(Records to process begins)

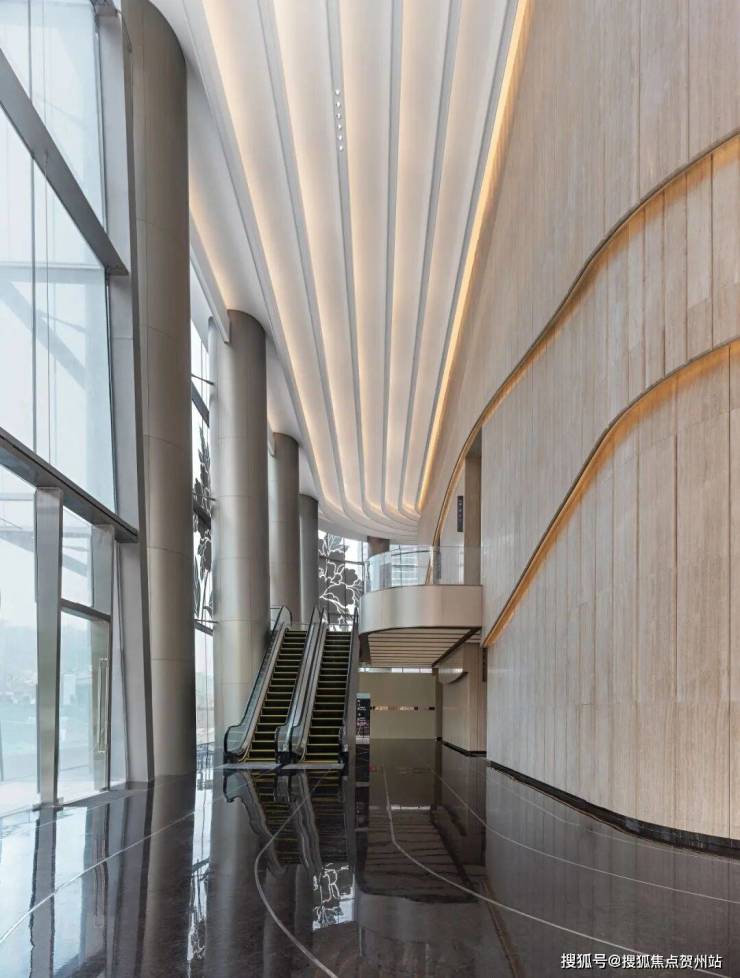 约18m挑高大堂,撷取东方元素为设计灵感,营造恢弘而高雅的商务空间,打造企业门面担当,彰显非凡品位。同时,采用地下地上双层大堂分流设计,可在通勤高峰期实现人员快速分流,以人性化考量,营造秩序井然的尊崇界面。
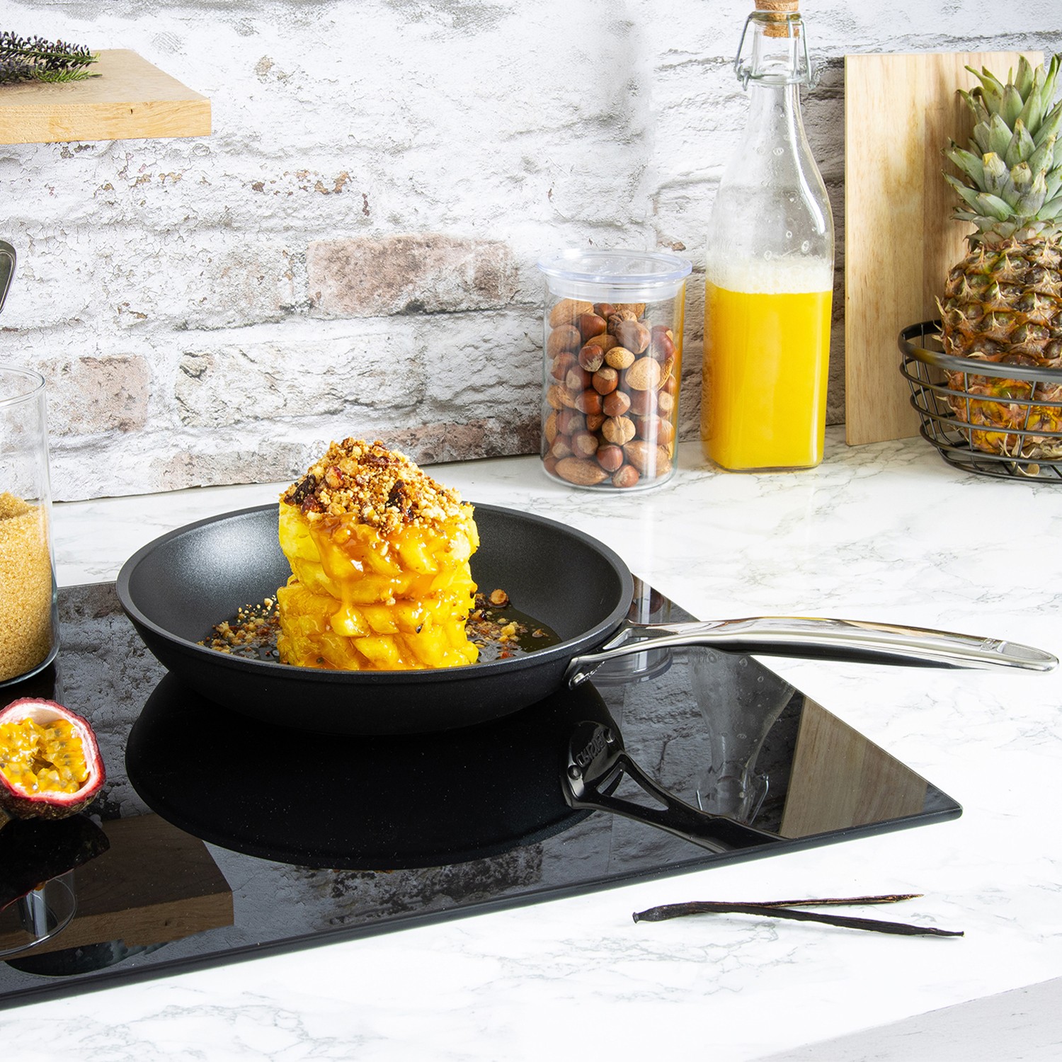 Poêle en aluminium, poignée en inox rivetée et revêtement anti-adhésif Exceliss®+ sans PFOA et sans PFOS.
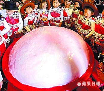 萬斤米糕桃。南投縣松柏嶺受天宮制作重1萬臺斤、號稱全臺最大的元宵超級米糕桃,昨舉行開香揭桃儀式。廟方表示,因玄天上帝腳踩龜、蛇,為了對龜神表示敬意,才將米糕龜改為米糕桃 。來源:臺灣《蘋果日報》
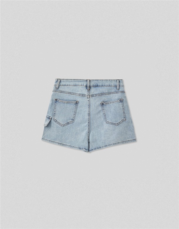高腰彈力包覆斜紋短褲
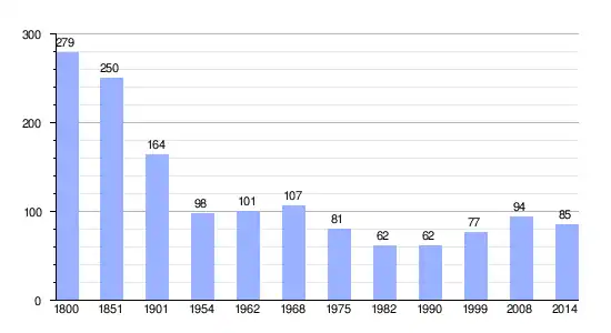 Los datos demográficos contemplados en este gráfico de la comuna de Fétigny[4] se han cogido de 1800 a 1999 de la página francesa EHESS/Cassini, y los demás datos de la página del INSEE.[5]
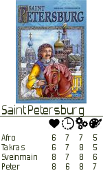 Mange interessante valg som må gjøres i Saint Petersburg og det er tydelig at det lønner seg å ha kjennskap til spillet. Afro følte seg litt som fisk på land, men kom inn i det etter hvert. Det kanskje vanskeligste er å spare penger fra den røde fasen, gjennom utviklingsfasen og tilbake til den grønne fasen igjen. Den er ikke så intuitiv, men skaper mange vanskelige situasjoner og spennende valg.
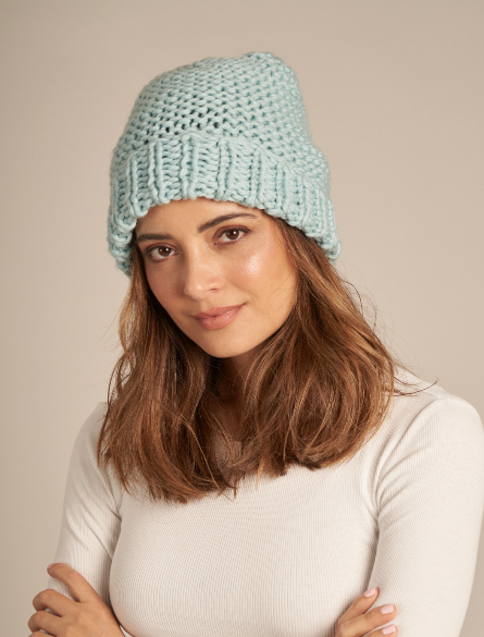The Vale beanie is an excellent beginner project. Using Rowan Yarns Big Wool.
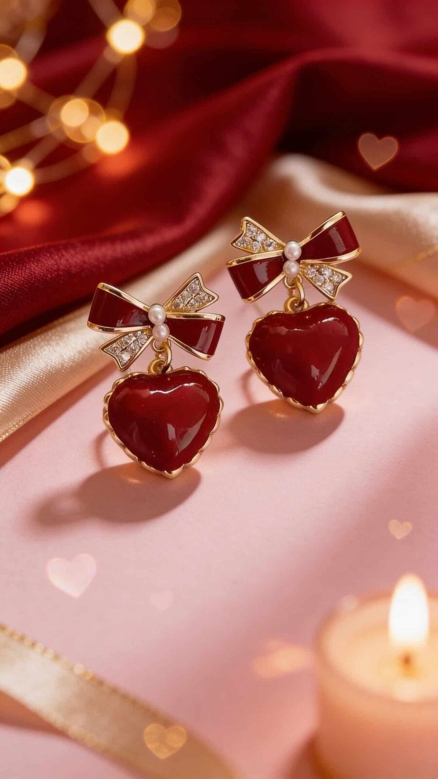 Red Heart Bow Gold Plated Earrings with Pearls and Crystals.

(Records to process ends)

- What is expected
Starting with the line that contains "Los datos demográficos", print every remaining line of the records above, exactly as it stands. Do not print the pictures.

- Expected output
 Los datos demográficos contemplados en este gráfico de la comuna de Fétigny[4] se han cogido de 1800 a 1999 de la página francesa EHESS/Cassini, y los demás datos de la página del INSEE.[5]
 Mange interessante valg som må gjøres i Saint Petersburg og det er tydelig at det lønner seg å ha kjennskap til spillet. Afro følte seg litt som fisk på land, men kom inn i det etter hvert. Det kanskje vanskeligste er å spare penger fra den røde fasen, gjennom utviklingsfasen og tilbake til den grønne fasen igjen. Den er ikke så intuitiv, men skaper mange vanskelige situasjoner og spennende valg.
The Vale beanie is an excellent beginner project. Using Rowan Yarns Big Wool.
 Red Heart Bow Gold Plated Earrings with Pearls and Crystals.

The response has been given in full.